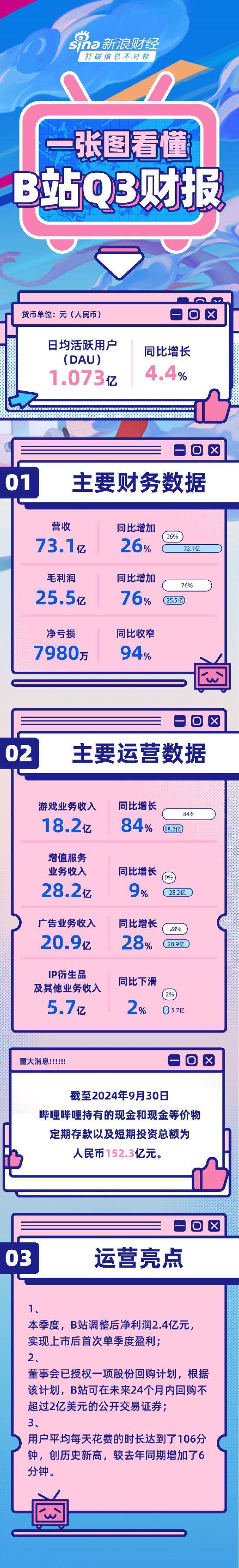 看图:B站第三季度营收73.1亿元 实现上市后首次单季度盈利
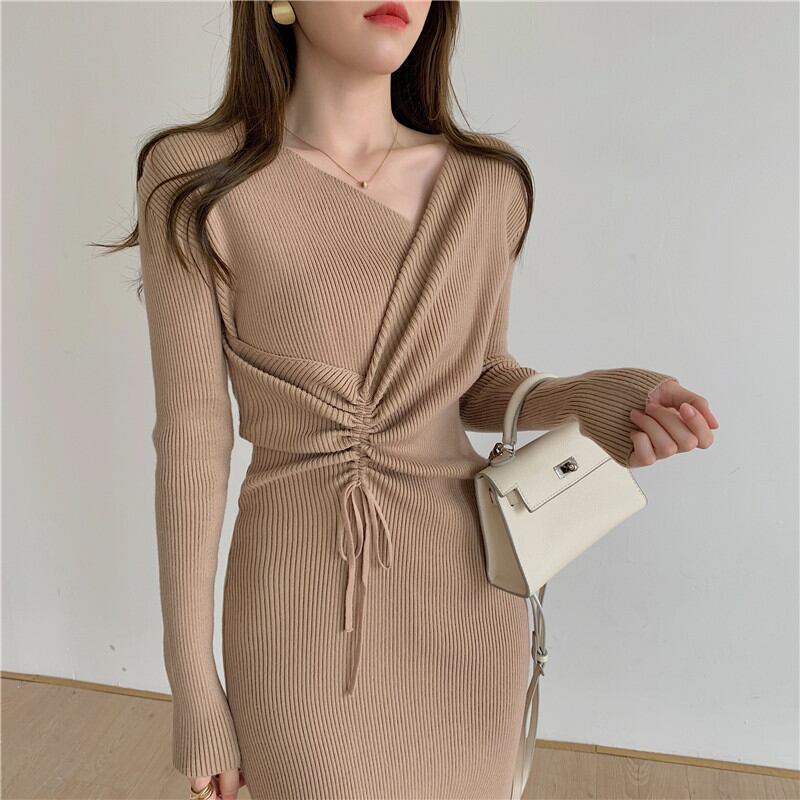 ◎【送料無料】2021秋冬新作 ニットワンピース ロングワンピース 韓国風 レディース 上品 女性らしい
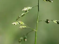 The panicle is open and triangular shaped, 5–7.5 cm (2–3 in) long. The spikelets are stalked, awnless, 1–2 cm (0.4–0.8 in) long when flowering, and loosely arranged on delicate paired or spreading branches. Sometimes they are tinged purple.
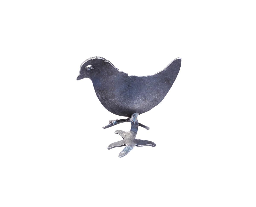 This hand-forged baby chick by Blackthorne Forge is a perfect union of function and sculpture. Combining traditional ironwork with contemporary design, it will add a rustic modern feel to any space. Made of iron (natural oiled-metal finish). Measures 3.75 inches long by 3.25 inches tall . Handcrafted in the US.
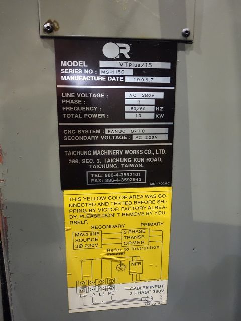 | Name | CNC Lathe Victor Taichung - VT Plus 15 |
----
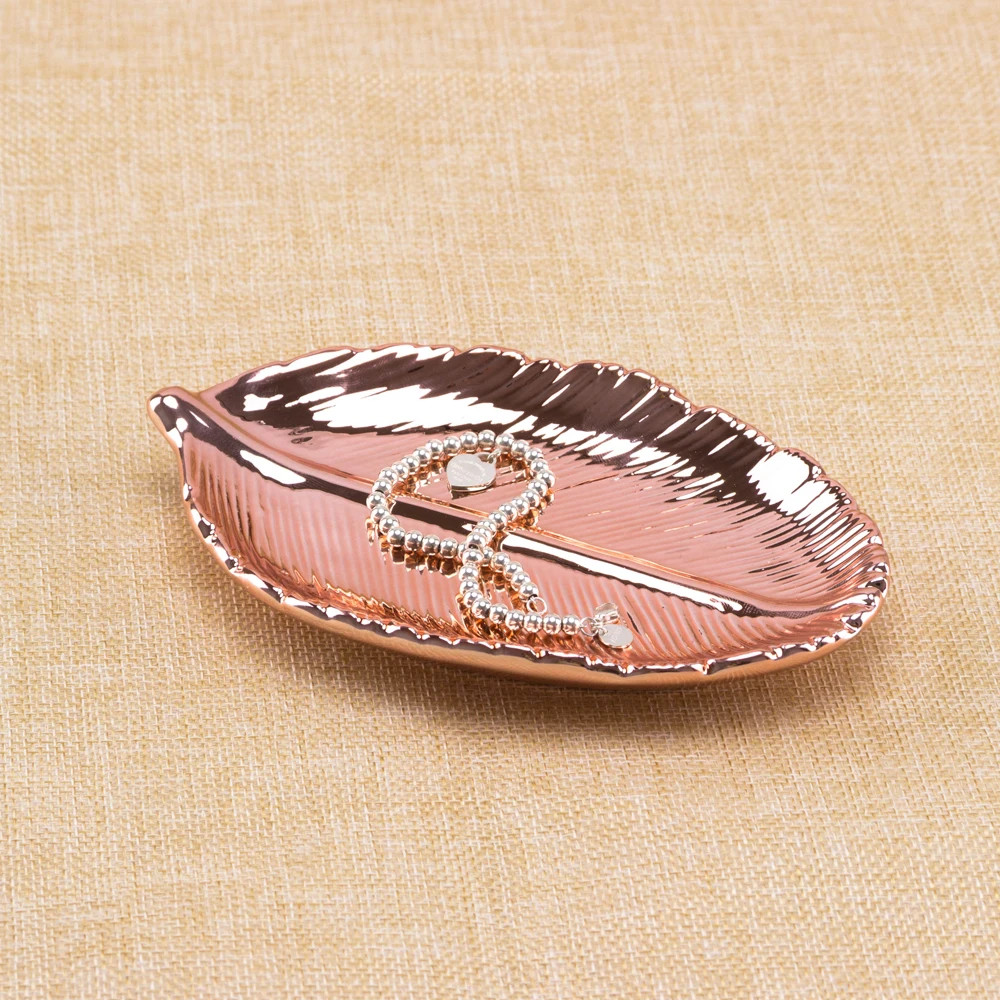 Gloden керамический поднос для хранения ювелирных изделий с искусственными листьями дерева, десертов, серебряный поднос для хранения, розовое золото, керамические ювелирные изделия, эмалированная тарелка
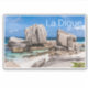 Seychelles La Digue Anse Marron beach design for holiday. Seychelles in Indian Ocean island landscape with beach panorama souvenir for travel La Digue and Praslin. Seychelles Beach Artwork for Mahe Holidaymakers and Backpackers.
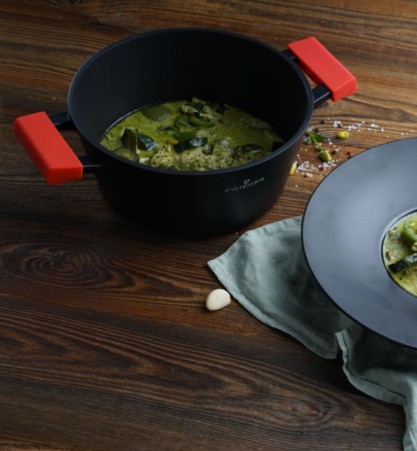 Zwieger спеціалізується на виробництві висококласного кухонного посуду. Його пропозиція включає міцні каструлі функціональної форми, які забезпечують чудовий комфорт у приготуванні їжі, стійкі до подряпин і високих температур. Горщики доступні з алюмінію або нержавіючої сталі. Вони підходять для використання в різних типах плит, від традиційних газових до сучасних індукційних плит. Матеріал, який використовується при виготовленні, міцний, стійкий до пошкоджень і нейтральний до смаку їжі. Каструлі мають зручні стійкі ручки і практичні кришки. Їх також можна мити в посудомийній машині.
----
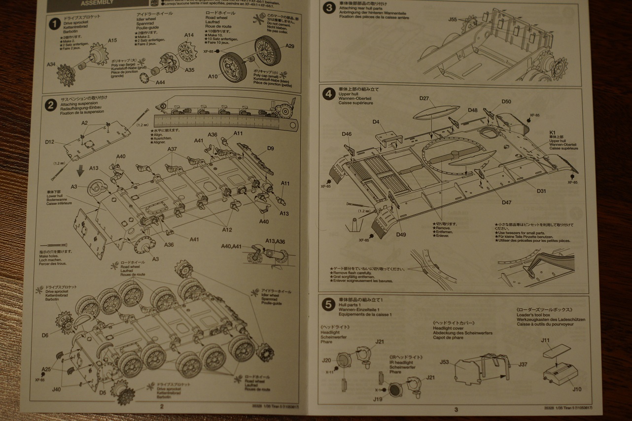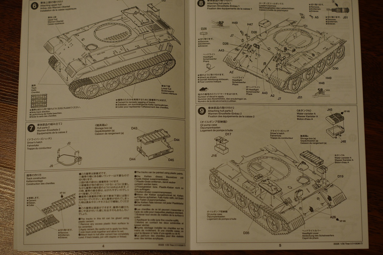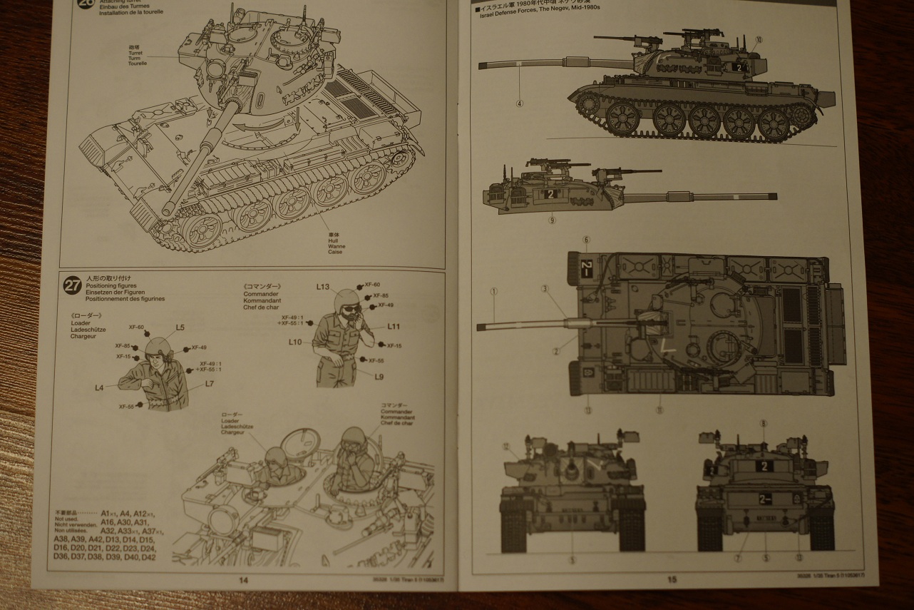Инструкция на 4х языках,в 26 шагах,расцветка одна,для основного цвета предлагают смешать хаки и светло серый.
----
▸ **Task requirements**
Within the entries above, the lines from the one containing "看图:B站第三季度营收73.1亿元 实现上市后首次单季度盈利" through the one containing "VT Plus 15 |" are to be transcribed exactly, ends included, pictures excluded.

▸ **Problem solution**
 看图:B站第三季度营收73.1亿元 实现上市后首次单季度盈利
 ◎【送料無料】2021秋冬新作 ニットワンピース ロングワンピース 韓国風 レディース 上品 女性らしい
 The panicle is open and triangular shaped, 5–7.5 cm (2–3 in) long. The spikelets are stalked, awnless, 1–2 cm (0.4–0.8 in) long when flowering, and loosely arranged on delicate paired or spreading branches. Sometimes they are tinged purple.
 This hand-forged baby chick by Blackthorne Forge is a perfect union of function and sculpture. Combining traditional ironwork with contemporary design, it will add a rustic modern feel to any space. Made of iron (natural oiled-metal finish). Measures 3.75 inches long by 3.25 inches tall . Handcrafted in the US.
 | Name | CNC Lathe Victor Taichung - VT Plus 15 |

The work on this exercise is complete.